▸ **Task to complete**
Without including any image, retype the records word for word.

======== Given records

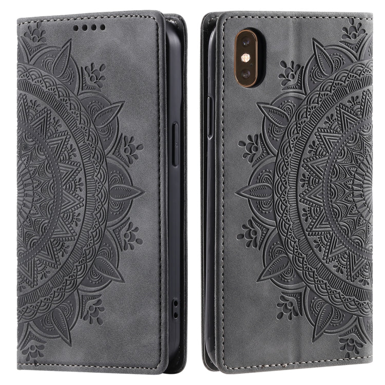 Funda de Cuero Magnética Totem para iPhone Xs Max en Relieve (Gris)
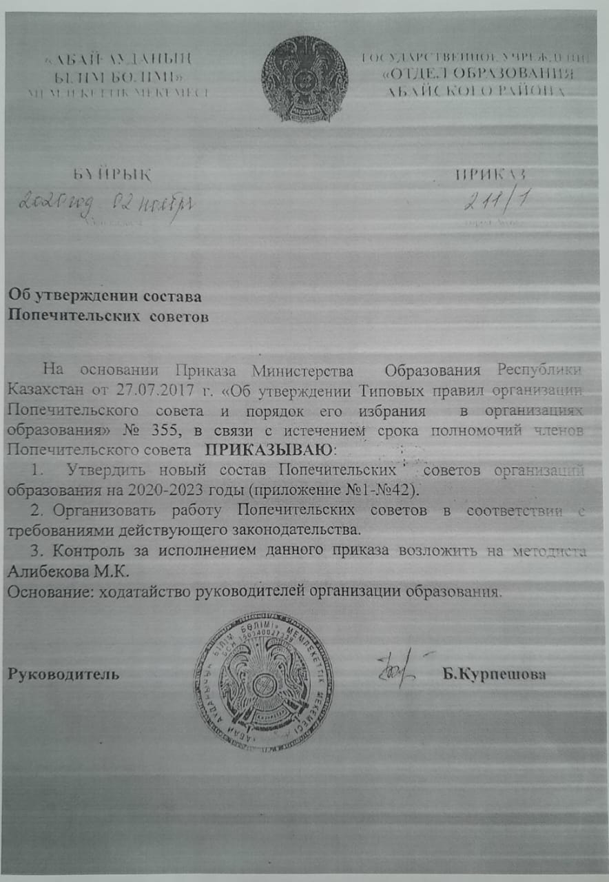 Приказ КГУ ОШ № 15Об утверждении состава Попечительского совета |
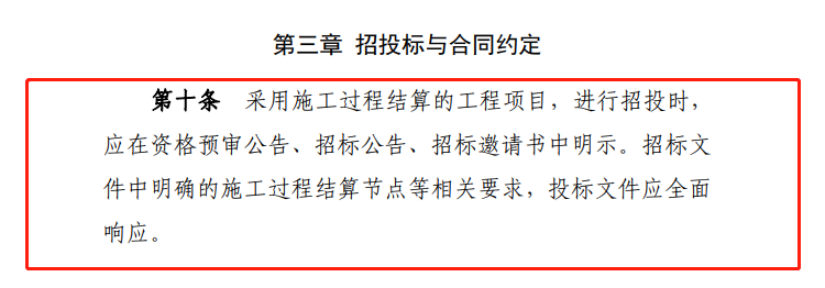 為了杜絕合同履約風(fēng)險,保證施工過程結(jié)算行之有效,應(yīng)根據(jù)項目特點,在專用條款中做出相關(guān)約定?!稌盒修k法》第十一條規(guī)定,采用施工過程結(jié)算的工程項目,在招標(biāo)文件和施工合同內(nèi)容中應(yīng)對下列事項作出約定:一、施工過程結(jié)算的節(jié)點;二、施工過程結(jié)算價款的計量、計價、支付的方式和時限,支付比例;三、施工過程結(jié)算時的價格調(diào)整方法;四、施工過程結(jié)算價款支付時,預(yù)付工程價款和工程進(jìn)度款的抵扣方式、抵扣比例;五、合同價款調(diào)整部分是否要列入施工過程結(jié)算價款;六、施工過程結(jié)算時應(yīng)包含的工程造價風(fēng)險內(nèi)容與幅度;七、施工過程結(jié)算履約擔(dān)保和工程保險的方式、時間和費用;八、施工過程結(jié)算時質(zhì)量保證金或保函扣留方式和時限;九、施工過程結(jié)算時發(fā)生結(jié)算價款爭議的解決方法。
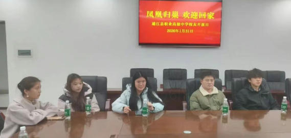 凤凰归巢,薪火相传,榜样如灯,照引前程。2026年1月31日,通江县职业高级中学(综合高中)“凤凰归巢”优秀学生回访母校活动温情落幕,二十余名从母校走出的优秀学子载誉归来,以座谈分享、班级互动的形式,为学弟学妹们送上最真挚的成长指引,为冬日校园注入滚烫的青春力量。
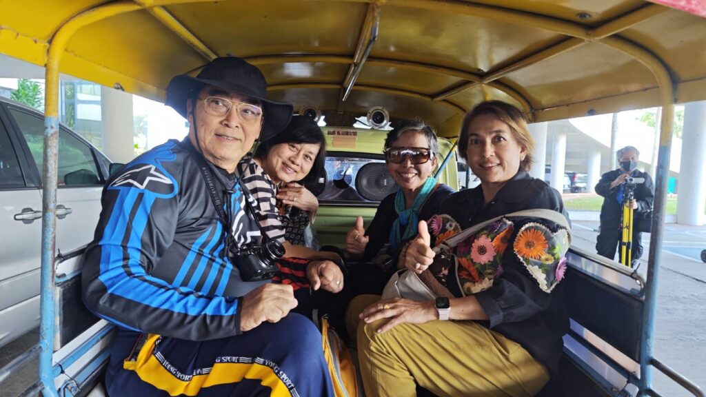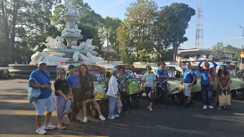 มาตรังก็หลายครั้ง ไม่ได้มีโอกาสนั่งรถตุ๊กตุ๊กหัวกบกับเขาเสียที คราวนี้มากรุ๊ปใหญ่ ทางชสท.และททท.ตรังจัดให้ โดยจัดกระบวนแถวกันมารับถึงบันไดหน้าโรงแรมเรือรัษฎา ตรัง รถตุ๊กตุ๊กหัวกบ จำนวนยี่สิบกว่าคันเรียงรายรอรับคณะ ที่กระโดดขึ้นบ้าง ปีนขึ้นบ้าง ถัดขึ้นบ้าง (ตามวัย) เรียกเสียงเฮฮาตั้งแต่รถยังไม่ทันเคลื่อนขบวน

================

▸ **Solution to this exercise**
 Funda de Cuero Magnética Totem para iPhone Xs Max en Relieve (Gris)
 Приказ КГУ ОШ № 15Об утверждении состава Попечительского совета |
 為了杜絕合同履約風(fēng)險,保證施工過程結(jié)算行之有效,應(yīng)根據(jù)項目特點,在專用條款中做出相關(guān)約定?!稌盒修k法》第十一條規(guī)定,采用施工過程結(jié)算的工程項目,在招標(biāo)文件和施工合同內(nèi)容中應(yīng)對下列事項作出約定:一、施工過程結(jié)算的節(jié)點;二、施工過程結(jié)算價款的計量、計價、支付的方式和時限,支付比例;三、施工過程結(jié)算時的價格調(diào)整方法;四、施工過程結(jié)算價款支付時,預(yù)付工程價款和工程進(jìn)度款的抵扣方式、抵扣比例;五、合同價款調(diào)整部分是否要列入施工過程結(jié)算價款;六、施工過程結(jié)算時應(yīng)包含的工程造價風(fēng)險內(nèi)容與幅度;七、施工過程結(jié)算履約擔(dān)保和工程保險的方式、時間和費用;八、施工過程結(jié)算時質(zhì)量保證金或保函扣留方式和時限;九、施工過程結(jié)算時發(fā)生結(jié)算價款爭議的解決方法。
 凤凰归巢,薪火相传,榜样如灯,照引前程。2026年1月31日,通江县职业高级中学(综合高中)“凤凰归巢”优秀学生回访母校活动温情落幕,二十余名从母校走出的优秀学子载誉归来,以座谈分享、班级互动的形式,为学弟学妹们送上最真挚的成长指引,为冬日校园注入滚烫的青春力量。
 มาตรังก็หลายครั้ง ไม่ได้มีโอกาสนั่งรถตุ๊กตุ๊กหัวกบกับเขาเสียที คราวนี้มากรุ๊ปใหญ่ ทางชสท.และททท.ตรังจัดให้ โดยจัดกระบวนแถวกันมารับถึงบันไดหน้าโรงแรมเรือรัษฎา ตรัง รถตุ๊กตุ๊กหัวกบ จำนวนยี่สิบกว่าคันเรียงรายรอรับคณะ ที่กระโดดขึ้นบ้าง ปีนขึ้นบ้าง ถัดขึ้นบ้าง (ตามวัย) เรียกเสียงเฮฮาตั้งแต่รถยังไม่ทันเคลื่อนขบวน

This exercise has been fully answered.